While most people consider Watchmen to be just a gritty deconstruction of superhero comics—which on one level it is—like most good literature, it’s far too complex to be broken down so easily. Watchmen is, in many ways, a love letter to the medium of comic books itself.
Specifically superhero comics. Over twelve issues, Watchmen, in its own way, tells the history of superheroes from their humble origins in the ’30s and ’40s to what was then, present-day 1987.
[N]o movie adaptation of Watchmen can ever be 100 percent faithful to the source material, and with good reason: Alan Moore designed it that way.
In other words, Watchmen is a comic book about comic books, and no movie will ever be able to convey that properly. Alan Moore was once quoted as saying that what he wanted to explore with Watchmen was “The areas that comics succeed in where no other media is capable of operating.” Moore has stressed time and time again that there are things he did with Watchmen that “That could only work in a comic and were indeed designed to show off things that other media can’t.”
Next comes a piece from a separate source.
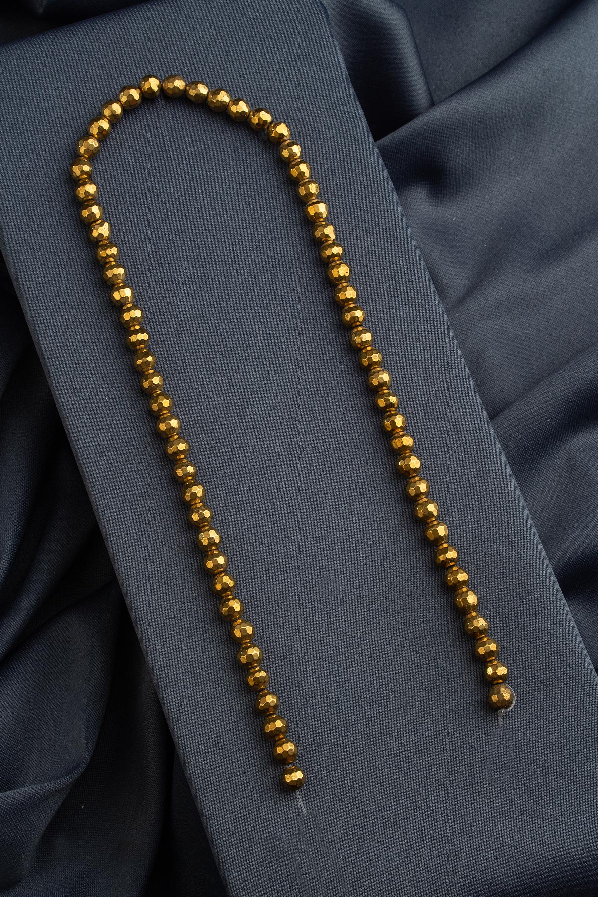 Hematit Doğal Taş Parlak Gold Küre Faset Kesim 6mm Dizi [AA]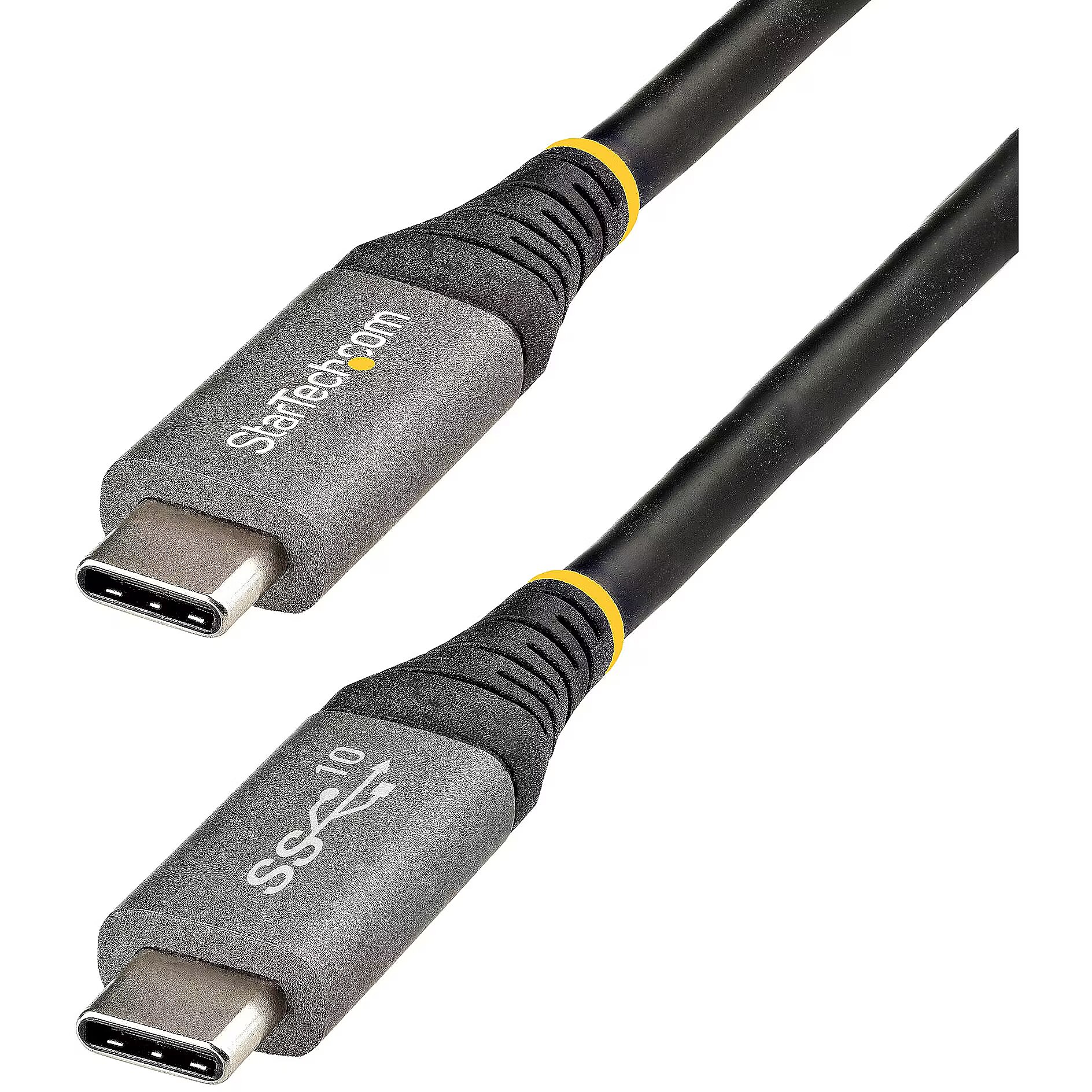 LongDesc - USB C Cable 10Gbps | USB-IF Certified |100W (5A) Power Delivery | DP Alt ModeThis USB 3.2 Gen 2 10Gbps USB-C™ cable lets you connect your USB Type-C™ devices for syncing, charging and powering your devices.The cable is also compatible with Thunderbolt™ 3 ports, which means you can charge and sync your USB-C mobile devices using your Thunderbolt 3 laptop.Power your USB-C devicesWith up to 5A (100W) of power delivery, you can power a USB-C laptop, such as your Apple MacBook or Microsoft Surface Book. Simply connect the cable to your USB-C laptop and to a USB-C wall charger.You can use this USB Type-C cable to power your USB-C hard drive from the USB-C port on your laptop.Charge your mobile devicesWhen used with devices that support PD 3.0, this cable charges up to 20V and 5A for a maximum of 100W. It can decrease your charge time and make sure your mobile devices are ready, whenever you need them.Deliver 8K Video with DisplayPort 1.4 Alt ModeThe cable supports 8K 30Hz video with DisplayPort 1.4 and is backward compatible to connect your docking station or laptop to a monitor that supports 4K or 1080p resolutions.Provide superior connections with USB-IF certified cablesThe cable has undergone rigorous compliance testing and is certified by USB-IF (USB Implementers Forum) to meet all USB 3.2 specifications. This includes all environmental, electrical and mechanical standards, which ensures a reliable, high-quality cable for all your USB-C devices.The USB31CCV1M from StarTech.com is backed by a 2-year warranty for guaranteed reliability.The StarTech.com Advantage

And yet, Warner Bros. just keeps trying to turn Watchmen into something else, first a live-action movie, then a sequel miniseries, and now an animated film. What’s that saying about the definition of insanity?
There have been several YouTube video essays like this one by Kaptainkristian that go into great detail about why Watchmen is inherently unadaptable. It all boils down to how the comic book was constructed.
Alan Moore has stressed time and time again that there are things he did with Watchmen that “could only work in a comic and were indeed designed to show off things that other media can’t.”
All 12 issues of Watchmen are comprised of pages featuring nine panels laid out in a grid. This grid setup allows for storytelling techniques that only work on paper, such as with issue #5, “Fearful Symytry” where the pages from the first half of the book mirror the pages in the second half of the book, with the middle two pages converging into a single image.
Zack Snyder’s Watchmen
It’s a visual statement that doesn’t translate well to the screen, as evidenced by the 2009 Watchmen movie from Zack Snyder. Snyder attempts to make up for the lack of comic panels by using slow motion and other movie gimmicks, but they’re a poor substitute for what’s on the page.
Something like Rorschach’s word balloons being smooth and uniform prior to a traumatic event involving a little girl and jagged and messy afterward to convey his crumbling psyche just can’t be translated accurately to the screen.
Even the character of Doctor Manhattan, Watchmen‘s only character with any so-called “super powers” is inexorably tied to the medium of comic books. The non-linear way in which Manhattan experiences time is meant to mimic the way time exists in a comic book.
The events on page 2 are happening at the same time as the events on page 22. Readers are free to flip back or skip ahead whenever they wish because all parts of the story exist simultaneously. This is, again, something that is nigh impossible to articulate when Watchmen is made into a movie.
Adapting Watchmen into a movie is kind of like adapting the classic Beatles album, Sgt. Pepper’s Lonely Heart’s Club Band into a series of watercolor paintings. The paintings could convey lyrics from the songs and possibly, depending on how good the artist is, even feelings that certain songs evoke in the listener.
No matter what, though, no medium other than a sound recording is ever going to accurately portray the experience of Sgt Pepper, just like no movie is ever going to capture the essence of what it’s like to read Watchmen.
While there have been several attempts to adapt Moore’s work into film—The League of Extraordinary Gentlemen, V for Vendetta, The Killing Joke—most of them only serve to prove just how impossible it is to translate Moore’s voice and themes to the big screen.
Watchmen is, of course, the most dubious example, but none of the movies really do Moore any justice, and most only succeed at ruining a piece of art in the name of commerce. Hence why, we are getting yet another Watchmen movie.
Obviously, we’ll reserve our final judgment until the movie is released sometime in 2024, but considering the comic’s unfilmable nature, we aren’t getting our hopes up for a masterpiece.